The Mercury Project was initially funded in-part by way of a $7.5 million grant from The Rockefeller Foundation; the Robert Wood Johnson Foundation, Craig Newmark Philanthropies, and the Alfred P. Sloan Foundation also contributed, for a total of $10.25 million.

In an August 23, 2022 press release, The Rockefeller Foundation announced that The Mercury Project would be “providing USD 7.2 million to 12 teams advancing ambitious, applied social and behavioral science to combat the growing global threat posed by low Covid-19 vaccination rates and public health mis- and disinformation.”

The release went on to state that The Mercury Project funding would go towards “new research on locally tailored solutions” towards vaccine acceptance and combating misinformation by social and behavioral scientists from around the world, including in countries such as Bolivia, Brazil, Côte D’Ivoire, Ghana, Haiti, India, Kenya, Malawi, Mexico, Nigeria, Rwanda, Senegal, Sierra Leone, South Africa, Tanzania, the United States, and Zimbabwe.

SSRC President Anna Harvey said that there is a “pressing need” for The Mercury Project’s work in order to drive up worldwide COVID-19 vaccinations and boosters.

“With COVID-19 prevalent and rapidly evolving everywhere, there is a pressing need to identify interventions with the potential to increase vaccination take-up.
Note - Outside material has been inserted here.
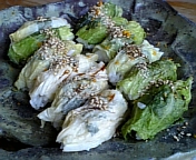 これは初めて口にする「白菜のにぎり」!初めて見てびっくり!知っちょる人いますかぁ?(#^.^#) 漬け物で証明されてるように寿司飯と会うのはもちろん、柚子が上にチョロッと乗っちょるんですが、これがまた絶妙なハーモニーなわけなんすよ。食べてもびっくりでしたぁ(☆_☆) 場所を教えたくても連れて行けないなが残念ですわ。今晩トンボ帰りします(>_<)

Vaccines are only effective if they become vaccinations; vaccines are a scientific marvel but their potential is unfulfilled if they are left on the shelf,” she said. “The large volume of high-quality proposals submitted to the Mercury Project underscores just how eager the social and behavioral science community is to evaluate interventions to increase vaccination demand and build healthier information environments.”